Integrale Membranproteine, z. B. Inonenkanäle, Protonenpumpen und Enzyme sind verantwortlich für membranbedingte Prozesse, wie zum Beispiel die Interaktion zwischen verschiedenen Zellen oder einer Zelle und ihrer Umgebung. Fehlfunktionen von Membranproteinen können zu Krankheiten, wie der Alzheimer-Krankheit führen, was das Wissen um die Funktionsweise und Anordnung in einer Membran sehr wertvoll macht. Andererseits können sie, wegen ihrer hohen Empfindlichkeit und Selektivität auch für die Verwendung in Biosensoren berücksichtigt werden. Da Membranproteine außerhalb einer Membran oft ihre Funktionsfähigkeit verlieren, ist es sehr schwer allgemeingültige Informationen durch biophysikalische oder biochemische Methoden zu erhalten. Eine Methode zur Untersuchung ist die Eingliederung von Membranproteinen in tethered bilayer lipid membranes (tBLM). Proteine in einer tBLM können zum Beispiel durch Kraftkurven (mit AFM) untersucht werden.

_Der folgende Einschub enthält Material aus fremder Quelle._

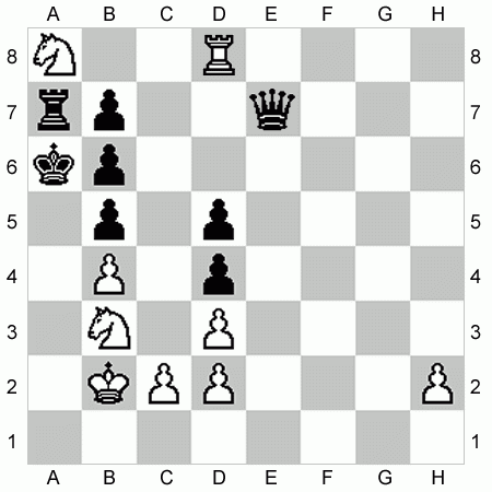 1. Te8, De5 (brani mat Sc7 i brani Te1 sa matom na Ta1)2. Tf8, Df4 (isti razlog kao u 1. potezu)3. Tg8, Dg3 4. Pg3 (pešak jede damu), Ta8 (top jede skakača)5. Ta8# Ili 3. Tg8, Dama ne ide na g3 4. Tg1, ...5. Ta1#

Das Ziel unserer Arbeit ist die Ausbildung einer tBLM auf einer Quarzglasoberfläche mit einem, über eine Polyhistidin-tris-NTA Wechselwirkung angebundenen integralen Membranproteinen. Die Polyhistidin-tris-NTA Wechselwirkung zwischen Protein und Oberfläche sorgt darüber hinaus für eine definierte Orientierung des Proteins in der Membran, was wiederum einen Vorteil bei der Aufnahme von Kraftkurven darstellt.